In practice, nobody has a clue. The notification may or may not come in the short term. If it did, nobody believes it would be done in two years – and the new trading arrangements would be negotiated separately anyway. You can game plan this 100 ways, but the only sure thing is that nobody knows, and without knowing you can’t put numbers on the consequences with any confience.
In passing you can see how this uncertainty about what will happen has played into an appalling campaign. The Remain side has exaggerated and pushed the fear factor way beyond what is reasonable in terms of pretending it can all be reduced to numbers and cuts. The Leave side has just plain lied, on everything from the economy to immigration, and on the latter subject in particular the campaign took on almost sinister tones.
Politics these days has moved beyond the era of trying to put forward a rational argument to a belief that the public will be persuaded only by stark and extreme threats – and that how these are presented is fair game.
The Brexit campaign, and the focus on what happens if Britain leaves, has meant the debate has bypassed the price of uncertainty that will be paid while this is all worked out. And given that the earliest likely date of British exit would be 2019, this is no trivial matter – in fact, it goes to the very heart of the price that would be paid for a Leave vote.
Senior Irish officials say privately that Ireland is as ready as it could be for Brexit, but that advance planning has very limited value when you have little idea what you are getting ready for.
The Central Bank has asked the banks to be ready, the National Treasury Management Agency has raised most of the cash it needs this year, and officials and businesses are fretting about a possible fall in sterling’s value against the euro and its impact on exporters. But even here, looking at the currency markets, beyond a feeling the UK currency could face an initial hit, nobody really knows what the trend will be in the months after Brexit.
It is impossible to put any numbers on the impact of the prolonged period of uncertainty, but it would surely be significant. We would not know the future terms of trade with a key trading partner. New bureaucracy and tariffs may face those exporting and importing food in the years to come, for example. But nobody knows – and they wouldn’t know for a few years.

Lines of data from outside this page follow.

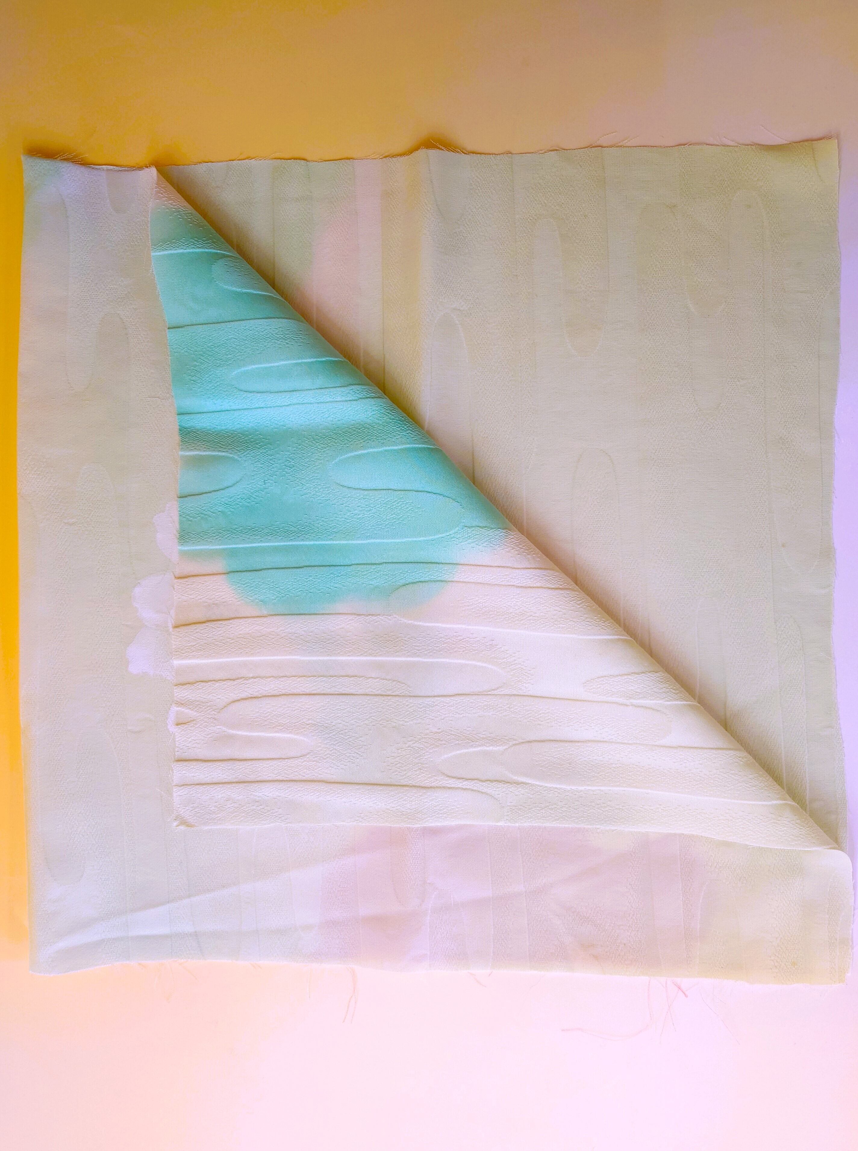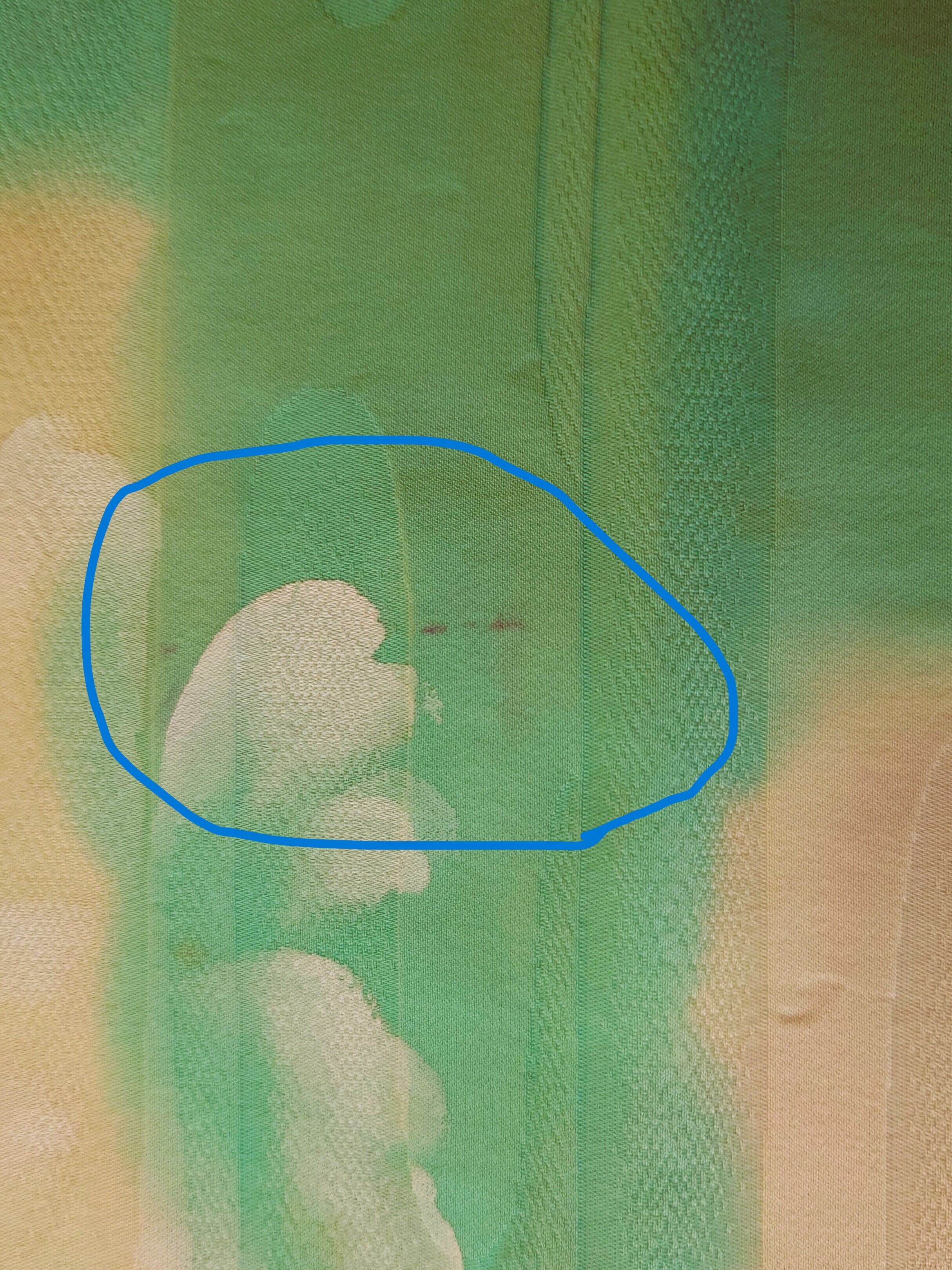 薄い若草色のベースにぼかしで赤・青・白で色が入っています。
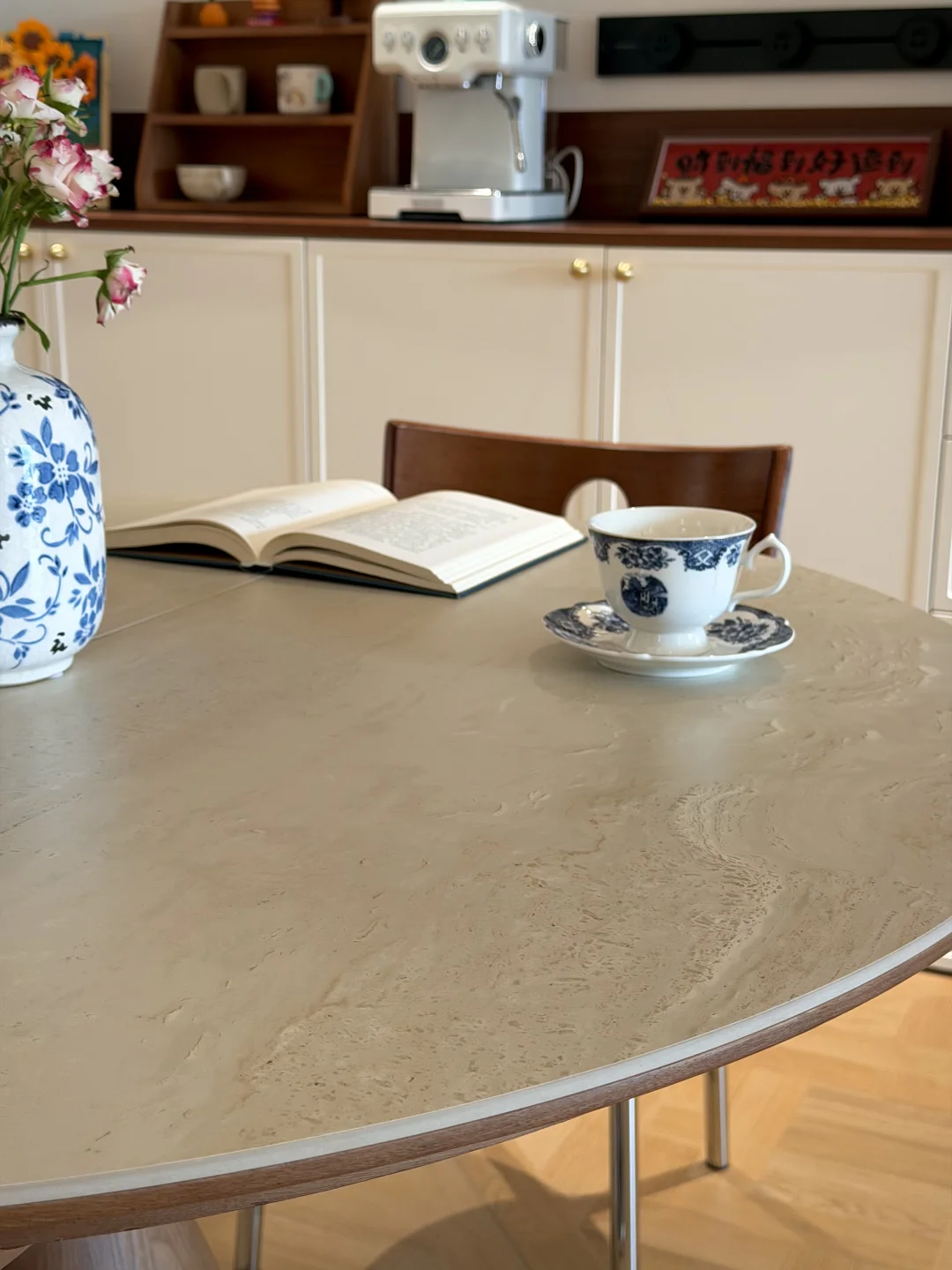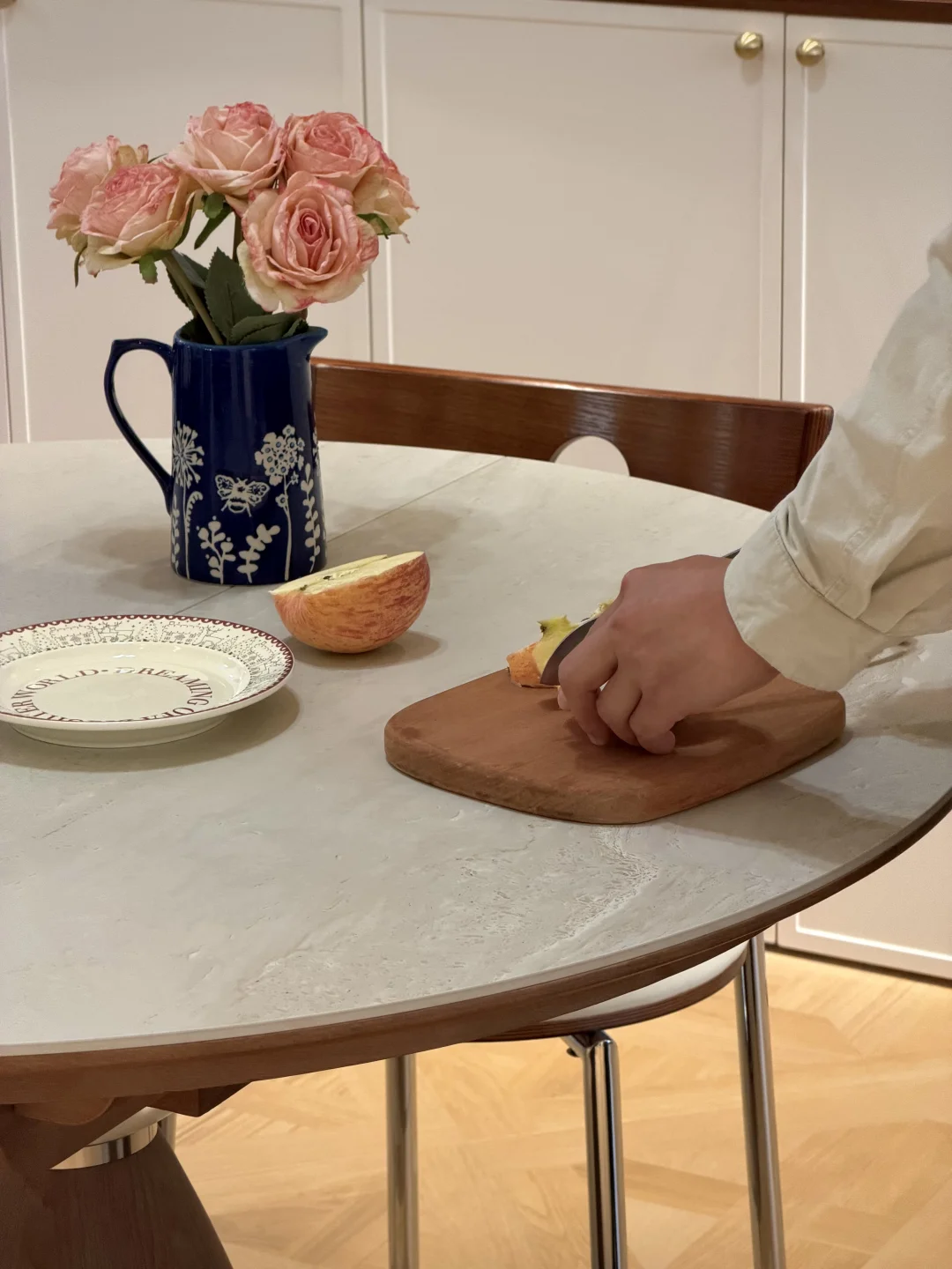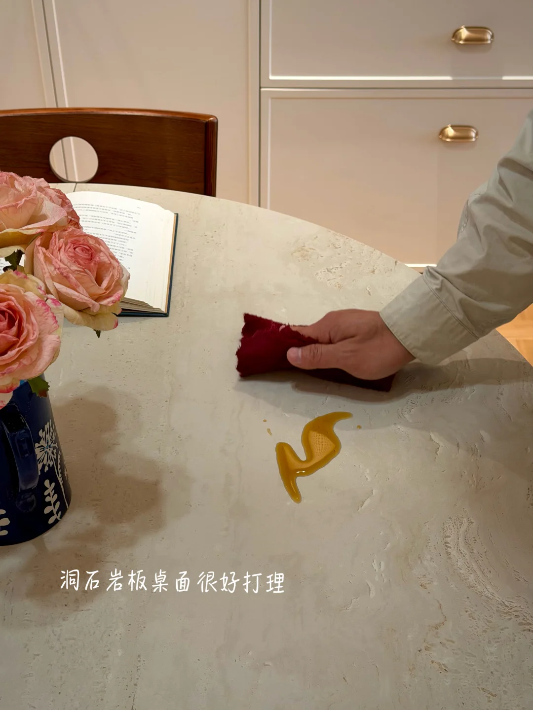 餐桌桌面是洞石岩板材质的,耐刮蹭还好打理!像日常直接在上面切个水果也完全没问题,日常油污擦一擦就干净了
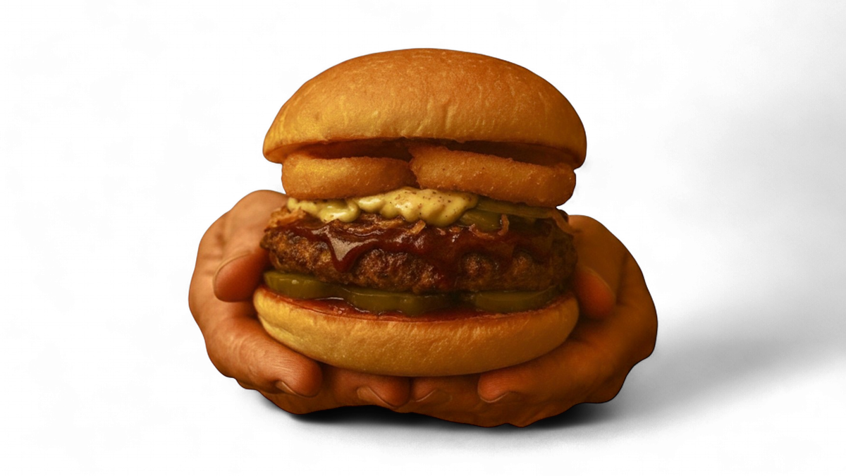 180g marhahúspogácsa, angol mustár, majonéz, ketchup, bbq pulled pork, coleslaw saláta, hagymakarika /TEJMENTES/
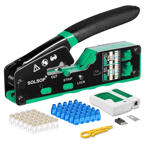 Solsop RJ45 pressverktyg som passerar genom – Cat6 krympverktyg för Cat5 Cat5e Cat6 8P8C kontakt, allt-i-ett RJ45 krimpverktyg och LAN-testare
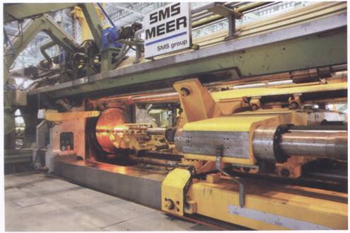 我國鈦及鈦合金擠壓生產開始于20世紀60年代末。當時,寶鈦公司和長城鋼廠分別從德國引進了一臺3150噸可擠壓鈦合金的熱擠壓機。經過近40年發展,寶鈦公司可擠壓鈦及鈦合金的各種規格的管、棒材及簡單斷面的型材及復合材,牌號達幾十種。這些產品已廣泛應用于航空、航天、衛星以及能源、化工等國民經濟的各個部門。但是還應該看到,我國與先進國家相比,還存在較大差距,較復雜斷面的型材還不能生產。近幾年,隨著化工等民用領域對高質量鈦管需求劇增,西部鈦業、浙江五環等公司先后引進了主要用于擠壓鈦管的擠壓機。2009年10月,寶鋼特鋼從德國引進的世界先進水平的6000T擠壓機投產(如圖3),為我國生產大規格鈦管和型材提供了必需的裝備,標志著我國鈦材擠壓設備上了一個新臺階。

Questions would be asked in the markets about whether Ireland might follow Britain out of the EU. The Government would dismiss this. But bond investors looking to tie up money for 10 years or more or major multinationals planning where to invest have very long time horizons. Ireland may gain from projects that would have gone to the UK, or we may lose other investments. We have no idea whether we would have to establish controls on the Border or tighter controls on people entering or leaving the island of Ireland. Or both. Or neither.
The one thing we can say is that uncertainty causes delay. It means investors sit and wait. It means businesses put plans on hold. This leads to consumers doing the same. The world is always full of uncertainties, but Brexit adds another big one. Life must go on, of course, and it will. But the paralysing impact of waking up next Friday to a Leave vote should not be underestimated.